We have gone through so much in the past year.  We’ve adapted, bent, scrambled, mourned, watched, processed, prayed and hoped as our lives changed in ways it was impossible to have predicted.  Many have experienced vulnerability, fear and worry in new ways too.  As we in this country breathe in signs of hope for positive change, we also reflect back upon what we have learned.

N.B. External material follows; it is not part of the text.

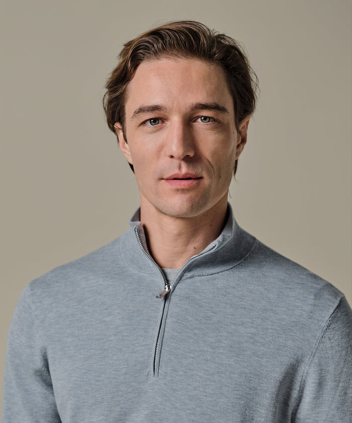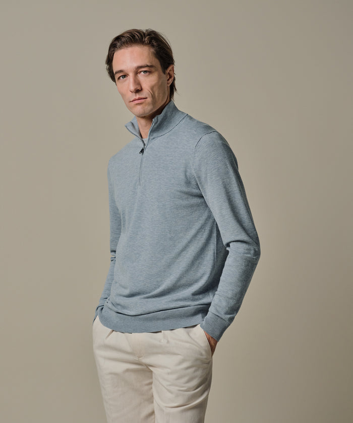 Profuomo - Feiner Strickpullover mit Half-Zip in zartem Hellblau

In the piece, How Will You be Different? written many months ago, I reflected on the possible subtle positive shifts that may be happening with a world halted, leaving us peering out our windows.  I wondered if the forced slow down might have allowed people to notice things they hadn’t before.  Could creativity have been sparked as we sought ways to keep ourselves occupied with the majority of our routines, activities and social meet-ups stripped away?  And while the unnatural amount of time couples, families and roommates sharing homes spent together was taxing for some, might it allow others to relish in a deep appreciation for loved ones?  I also pondered whether people post-pandemic would make contact with a deeper sense of gratitude.

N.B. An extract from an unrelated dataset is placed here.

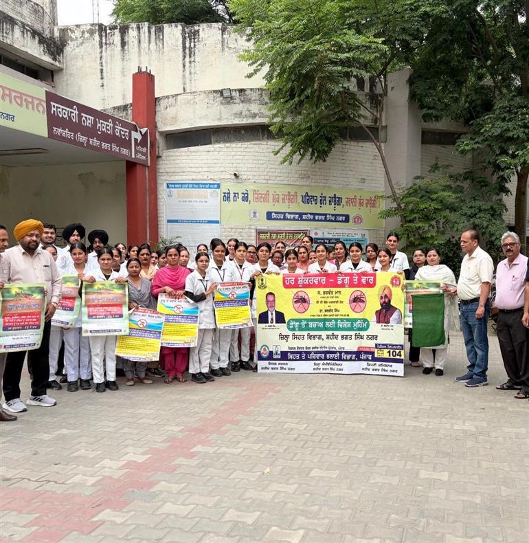 ਨਵਾਂਸ਼ਹਿਰ (ਮਨੋਰੰਜਨ ਕਾਲੀਆ) : ਮਾਣਯੋਗ ਸਿਹਤ ਤੇ ਪਰਿਵਾਰ ਭਲਾਈ ਮੰਤਰੀ ਡਾ. ਬਲਬੀਰ ਸਿੰਘ ਜੀ ਦੇ ਹੁਕਮਾਂ ਅਨੁਸਾਰ ਮਾਣਯੋਗ ਸਿਵਲ ਸਰਜਨ ਡਾ ਗੁਰਿੰਦਰਜੀਤ ਸਿੰਘ ਜੀ ਦੀ ਯੋਗ ਰਹਿਨੁਮਾਈ ਹੇਠ ਜ਼ਿਲ੍ਹਾ ਸਿਹਤ ਵਿਭਾਗ, ਸ਼ਹੀਦ ਭਗਤ ਸਿੰਘ ਨਗਰ ਨੇ ਡੇਂਗੂ ਦੀ ਬਿਮਾਰੀ 'ਤੇ ਸਮੇਂ ਸਿਰ ਕਾਬੂ ਪਾਉਣ ਤੇ ਕਮਿਊਨਿਟੀ ਦੀ ਭਾਗੀਦਾਰੀ ਨੂੰ ਹੋਰ ਵਧਾਉਣ ਲਈ "ਹਰ ਸ਼ੁੱਕਰਵਾਰ ਡੇਂਗੂ 'ਤੇ ਵਾਰ" ਮੈਗਾ ਮੁਹਿੰਮ ਦੀ ਸ਼ੁਰੂਆਤ ਕੀਤੀ ਹੈ। ਇਸੇ ਦੌਰਾਨ ਸੰਧੂ ਨਰਸਿੰਗ ਕਾਲਜ ਦੀਆਂ ਵਿਦਿਆਰਥਣਾਂ ਦੇ ਸਹਿਯੋਗ ਨਾਲ ਸਿਵਲ ਸਰਜਨ ਦਫਤਰ, ਸ਼ਹੀਦ ਭਗਤ ਸਿੰਘ ਨਗਰ ਤੋਂ ਬਾਰਾਂਦਰੀ ਗਾਰਡਨ, ਨਵਾਂਸ਼ਹਿਰ ਤੱਕ ਡੇਂਗੂ ਵਿਰੋਧੀ ਜਾਗਰੂਕਤਾ ਰੈਲੀ ਕੱਢੀ ਗਈ, ਜਿਸ ਨੂੰ

My grandmother used to say, “Who’s got tomorrow?”  Boy, was she right.

How Are You Different? | LoveAndLifeToolBoxAs we wipe the Covid-19 sleep out of our eyes with cautious optimism, I am better able to see ahead.  My shoulder tension is easing up a little and I am better able to dream, look ahead and imagine.  The fire of hope has been stoked and is smoldering.  This is being reflected in my friends, family and with many clients in my therapy practice as well.  It is glorious.

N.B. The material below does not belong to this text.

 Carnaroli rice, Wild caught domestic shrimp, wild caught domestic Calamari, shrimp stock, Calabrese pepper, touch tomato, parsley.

Having written the above piece well in the throes of Covid and now writing as we have been on a national decline , things opening, life returning (with a sad awareness that the virus continues to take a grim toll), I’m further reflecting on a few other things that have become more clear.

Do the things that bring you joy.  Early in the pandemic when the days were feeling monotonous, I started to bring my tennis racket to a local back board and hit balls.  I did this every day for weeks, often the only person there.  Once in a while there was a nice younger woman doing the same and then another few times an older woman who would walk from her house, not particularly dressed for for sporting but yet with her purse in one hand and racket in the other.  This activity became one of my athletic outlets and with earbuds in my ears blaring music, I hit the ball against the wall that stood next to the locked tennis courts.

This daily routine brought me joy and kept me mentally afloat.

Now that things are more opened up, I play tennis again regularly (on tennis courts) and have gone back to youth baseball photography (as games are finally back on), another passion in which I achieve true flow, basking in the joy of total immersion.

“Who’s got tomorrow?”  Do the things that make you happy.

Connect with those who feed your soul.  In the past year I have spent time with far fewer people than ever, my immediate family and friends nearby. Like for many, the pandemic forced a focus on my immediate orbit.  Having recently connected with a handful of very old friends out of the area, who really know me as I know them, it hit me.  Moving forward I will never lose sight of the most special and valuable people in my life.

“Who’s got tomorrow?”  In the end, your most meaningful connections are what life is about.

I challenge you to reflect upon the positive aspects of how you are different than you were a year ago.   What are your learnings and silver linings?  Without question, the negative consequences of this pandemic are profound.  Is it also possible many might rise up out of this pandemic like a butterfly from a cocoon.